▶ What to do: All of the records below need to be written out exactly, but without the pictures.

▶ Input for this task:
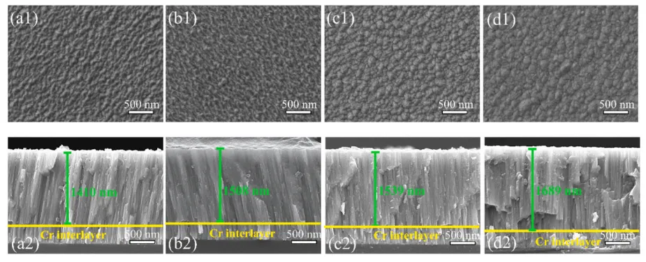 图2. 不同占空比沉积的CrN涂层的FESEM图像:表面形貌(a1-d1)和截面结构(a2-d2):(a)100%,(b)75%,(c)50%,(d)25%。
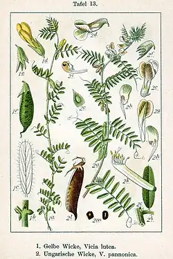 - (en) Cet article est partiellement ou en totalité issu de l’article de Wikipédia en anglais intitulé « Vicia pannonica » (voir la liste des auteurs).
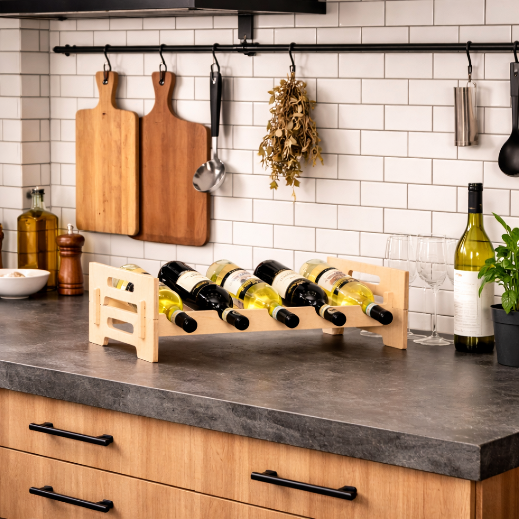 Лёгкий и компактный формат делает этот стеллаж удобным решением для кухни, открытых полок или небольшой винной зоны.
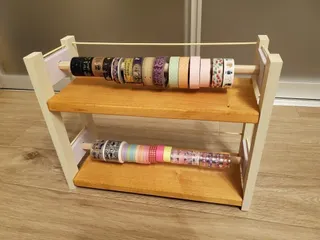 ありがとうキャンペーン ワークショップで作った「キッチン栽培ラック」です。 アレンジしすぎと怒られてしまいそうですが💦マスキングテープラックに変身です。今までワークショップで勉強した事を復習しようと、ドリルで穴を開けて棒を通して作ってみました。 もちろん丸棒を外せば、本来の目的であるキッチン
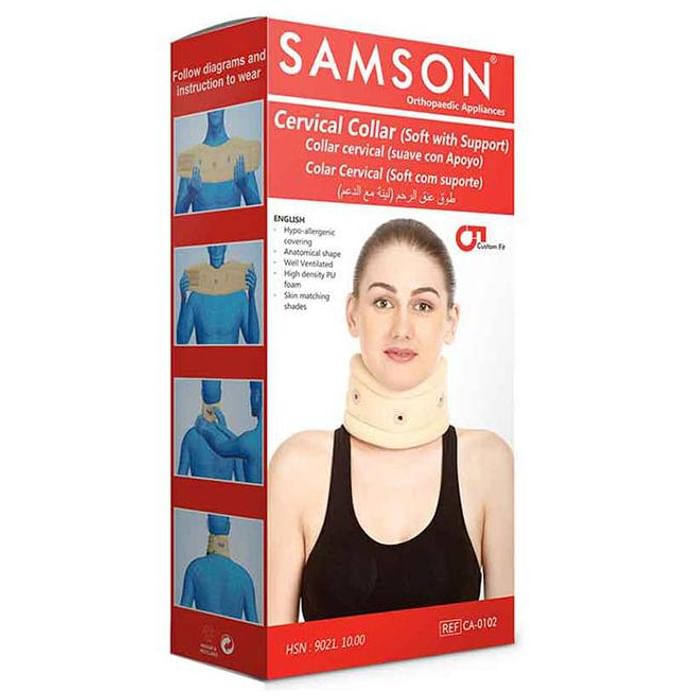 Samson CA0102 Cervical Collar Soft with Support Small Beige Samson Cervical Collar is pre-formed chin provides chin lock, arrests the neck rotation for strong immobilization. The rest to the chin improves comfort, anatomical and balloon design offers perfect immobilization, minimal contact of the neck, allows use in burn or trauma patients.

▶ Output below:
 图2. 不同占空比沉积的CrN涂层的FESEM图像:表面形貌(a1-d1)和截面结构(a2-d2):(a)100%,(b)75%,(c)50%,(d)25%。
 - (en) Cet article est partiellement ou en totalité issu de l’article de Wikipédia en anglais intitulé « Vicia pannonica » (voir la liste des auteurs).
 Лёгкий и компактный формат делает этот стеллаж удобным решением для кухни, открытых полок или небольшой винной зоны.
 ありがとうキャンペーン ワークショップで作った「キッチン栽培ラック」です。 アレンジしすぎと怒られてしまいそうですが💦マスキングテープラックに変身です。今までワークショップで勉強した事を復習しようと、ドリルで穴を開けて棒を通して作ってみました。 もちろん丸棒を外せば、本来の目的であるキッチン
 Samson CA0102 Cervical Collar Soft with Support Small Beige Samson Cervical Collar is pre-formed chin provides chin lock, arrests the neck rotation for strong immobilization. The rest to the chin improves comfort, anatomical and balloon design offers perfect immobilization, minimal contact of the neck, allows use in burn or trauma patients.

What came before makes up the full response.